Entries shown.
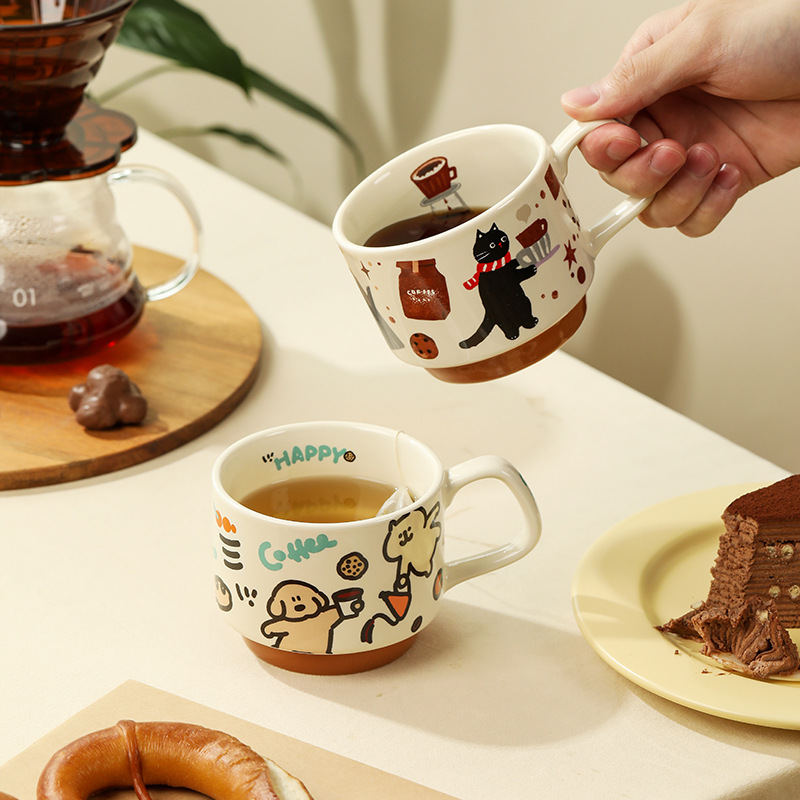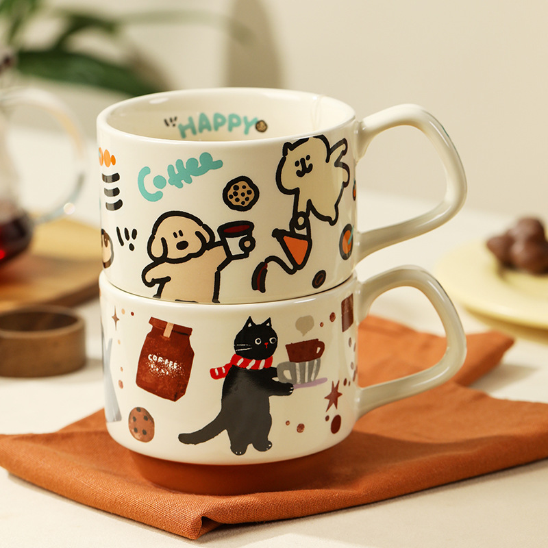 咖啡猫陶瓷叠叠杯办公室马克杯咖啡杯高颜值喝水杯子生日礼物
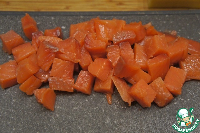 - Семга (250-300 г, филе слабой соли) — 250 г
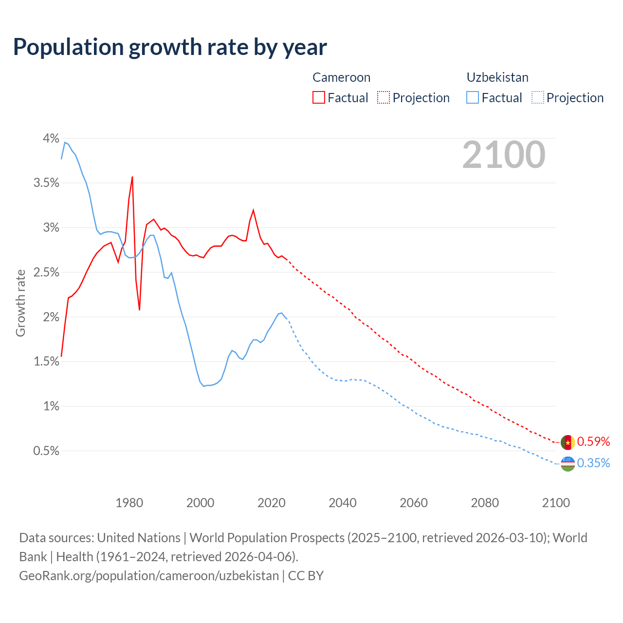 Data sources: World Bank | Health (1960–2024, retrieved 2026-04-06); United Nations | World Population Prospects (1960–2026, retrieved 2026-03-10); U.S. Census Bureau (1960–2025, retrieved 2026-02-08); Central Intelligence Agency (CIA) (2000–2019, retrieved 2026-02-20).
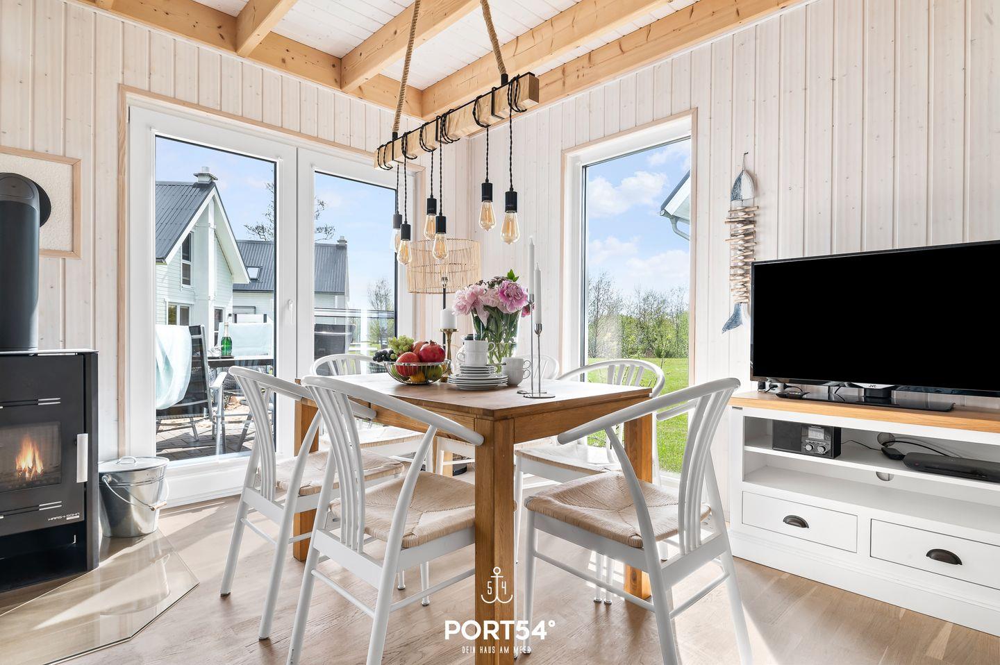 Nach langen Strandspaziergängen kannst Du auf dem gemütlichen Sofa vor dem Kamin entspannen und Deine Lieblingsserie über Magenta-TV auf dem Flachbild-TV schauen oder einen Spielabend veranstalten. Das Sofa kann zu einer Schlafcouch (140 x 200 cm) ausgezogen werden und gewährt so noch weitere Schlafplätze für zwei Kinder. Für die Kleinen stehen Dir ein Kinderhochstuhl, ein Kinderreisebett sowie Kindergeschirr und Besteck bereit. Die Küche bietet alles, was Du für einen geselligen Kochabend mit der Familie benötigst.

...

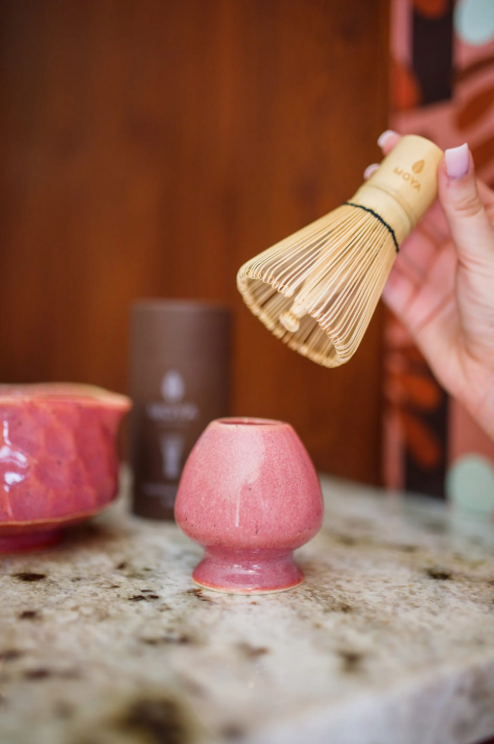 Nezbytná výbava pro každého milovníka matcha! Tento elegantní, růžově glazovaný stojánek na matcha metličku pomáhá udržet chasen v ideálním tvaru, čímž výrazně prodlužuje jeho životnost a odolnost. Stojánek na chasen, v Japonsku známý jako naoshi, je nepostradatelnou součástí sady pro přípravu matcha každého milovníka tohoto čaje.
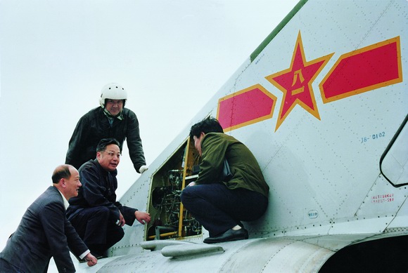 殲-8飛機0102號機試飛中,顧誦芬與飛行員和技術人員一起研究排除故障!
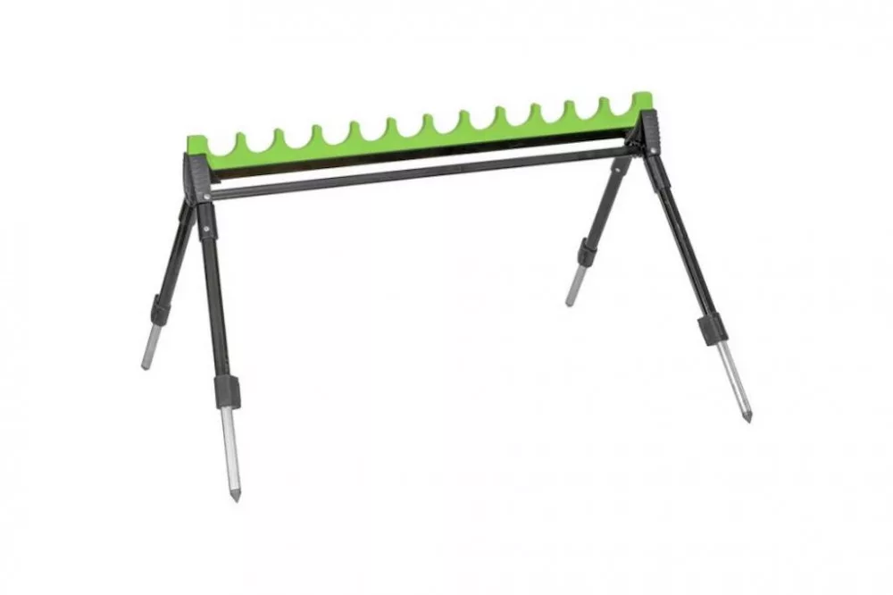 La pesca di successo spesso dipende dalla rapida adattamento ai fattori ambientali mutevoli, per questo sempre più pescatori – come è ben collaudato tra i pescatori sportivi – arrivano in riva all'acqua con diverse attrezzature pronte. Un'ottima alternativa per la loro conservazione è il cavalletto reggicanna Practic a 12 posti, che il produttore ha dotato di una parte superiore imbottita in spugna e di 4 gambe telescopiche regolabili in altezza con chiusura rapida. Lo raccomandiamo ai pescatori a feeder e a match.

Exercise. Above, find the line with "咖啡猫陶瓷叠叠杯办公室马克杯咖啡杯高颜值喝水杯子生日礼物"; copy it and every line down to the line with "Data sources: World", exactly and both included, but no pictures.

Result for this exercise.
 咖啡猫陶瓷叠叠杯办公室马克杯咖啡杯高颜值喝水杯子生日礼物
 - Семга (250-300 г, филе слабой соли) — 250 г
 Data sources: World Bank | Health (1960–2024, retrieved 2026-04-06); United Nations | World Population Prospects (1960–2026, retrieved 2026-03-10); U.S. Census Bureau (1960–2025, retrieved 2026-02-08); Central Intelligence Agency (CIA) (2000–2019, retrieved 2026-02-20).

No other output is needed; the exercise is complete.